The H910, Eventide’s first Harmonizer® brand effects processor, was immediately recognized by the music world as a milestone product when it was introduced in 1975 and sold through 1984. Tony Visconti was among the early devotees, using it to create the unique snare sound on David Bowie’s “Young Americans,” “Low” and “Lodger.”

Instant Flanger? emulates the distinctive sound of two open reel tape decks moving in and out of phase

The Instant Flanger, an analog flanger, was first released in 1976 and sold though 1984. It replicated the effect of two open reel tape recorders with identical material. When the tape flange was accidentally touched, the sound of a plane taking off roared through the speakers. The Instant Flanger was one of the first hardware products to recreate this effect electronically and was widely used on hit records thoughout the seventies and eighties.

The H949 Harmonizer was used by many top engineers and performers, including a young Jimmy Page

The H949 was the first “deglitched” pitch changer. Introduced in 1977 and sold through 1984, the H949 was the only piece of digital gear Jimmy Page allowed in his rig. It became a staple in most successful studios of the time and is considered by many leading producers and artists to have immeasurably influenced that era’s music.

The process of porting over the algorithms has been executed with meticulous dedication to quality, according to Agnello. “The value in the Clockworks Legacy plug-ins is that they replicate the quality, versatility and functionality of our orignal dedicated processors,” he explains. “We recognize that any departure from those sounds would be fatal.”

Agnello also stresses that Eventide will continue to design and manfacture dedicated hardware processors.

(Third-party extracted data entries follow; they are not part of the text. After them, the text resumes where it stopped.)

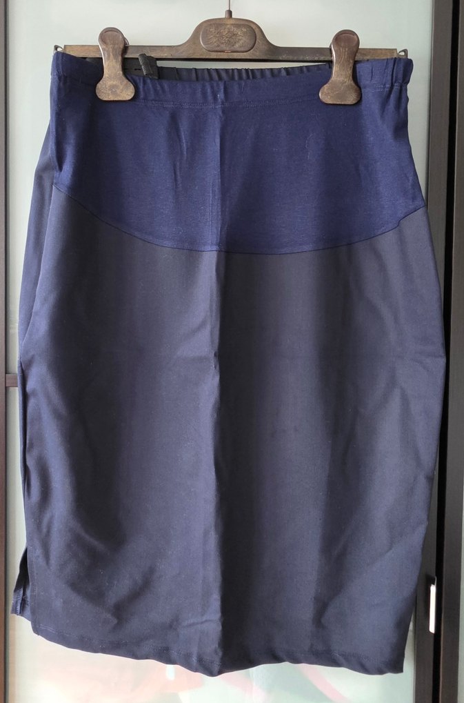 Lacivert renklerde, drapeli ve vücuda oturan midi uzunlukta hamile eteği. Ofis kullanımı için uygun, yumuşak pamuklu kumaştan üretilmiştir.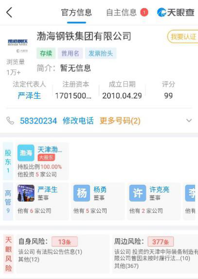 2010年天津四大钢铁企业合并后,严泽生出任渤钢集团党委副书记、总经理至今。时间财经查阅天眼查发现,严泽生还为渤钢集团法人代表,并担任6家公司董事。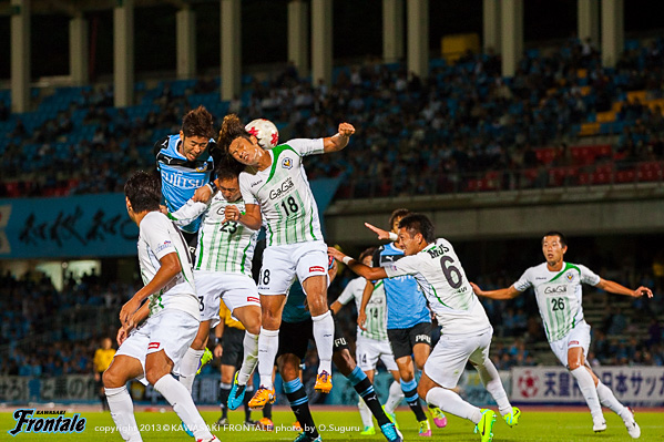 後半スタートからジェシに代えて實藤がピッチへ。46分、フロンターレの攻撃。稲本が背後のスペースを狙うがレナトには通らず。47分、東京Vの攻撃。パスをつないで右サイド森に突破を許し、折り返しを中島に合わせられるが、田中裕が戻ってぎりぎりのところでクリア。ピンチをしのぐ。48分、左サイドから崩しをかけられ小池のクロスを西にヘディングで合わせられ、こぼれ球を拾った森に右サイドから速いボールを入れられるがゴール前を通過。49分、右サイドに展開され中島に速いボールを入れられるが、巻には伊藤が対応。こぼれ球はGK杉山がキャッチ。危ない場面が続く。51分、フロンターレの攻撃。右サイドでパスをつないで大久保が左足でミドルシュートを放つがDFにブロックされる。52分、東京Vの攻撃。鈴木の中盤からのロングボールはGK杉山がキャッチ。53分、細かくパスをつながれ右サイド井林にクロスを狙われるが、ボールはそのままゴールラインを割る。54分、パスをつながれ西にミドルシュートを打たれるが大きく外れる。56分、右サイド中島にドリブル突破から速いボールを入れられるが、合わせた小池のボールは枠を外れる。56分、森谷に代えて山本がピッチへ。57分、東京Vの攻撃。左サイドから崩しをかけられクロスを入れられるが登里がクリア。58分、フロンターレの攻撃。レナトが自陣から長い距離をドリブル突破。ボールを運ぶがラストパスにつながらず。58分、東京Vの攻撃。右サイドから切れ込んだ森にミドルシュートを打たれるが大きく外れる。61分、左サイドからボールをつながれ押し込まれるがオフサイドの判定。62分、中盤でボールを奪われカウンターを受けるが、西のラストパスはGK杉山が飛び出しクリア。64分、左サイドの小池にドリブル突破を許しクロスを入れられるが、ボールはゴール前を通過。66分、右サイドの森に突破を許し折り返されるが、ゴール前で稲本がクリア。危ない場面だった。69分、右サイドから崩しをかけられ中島にクロスを入れられるが、伊藤がクリア。70分、フロンターレの攻撃。大久保が中盤でキープ。スルーパスを入れるが飛び出したGKにクリアされる。

“Though ProTools HD has become the platform of choice in many high-end music and post production faclilties, we believe there is still a compelling case for making hardware products. Hardware products can be integral to the process of performance and composition and are increasingly used in tracking because the real time feedback between the performer and the effects changes their approach. It is a critical interactive process that is often forgotten.”

“Our core knowledge consists of well over a thousand preset algorithms, made up of over two hundred effects modules which can be arranged in virtually any configuration using our unique ‘Anything-to-Anything’ routing capabilities. This will be cross-developed for future plug-ins, as well as offered as software upgrades for our hardware. It makes good sense that people producting their release using Eventide plug-ins would want to use the same effects in a hardware box when they go on the road” states Agnello.

“Developing plug-ins was not a move we made lightly,” Agnello concludes, “but we’re extremely pleased with the results and I’m confident that the universe of ProTools users will agree. We are moving full force into the plug-in arena with a strong foundation of success among the most discerning professionals. The stakes are high, but we are confident that we bring a lot to the table.”

The Eventide Clockworks Legacy series of plug-ins offer full automation, MIDI Control, and Pro Control integration to take advantage of the ProTools feature set.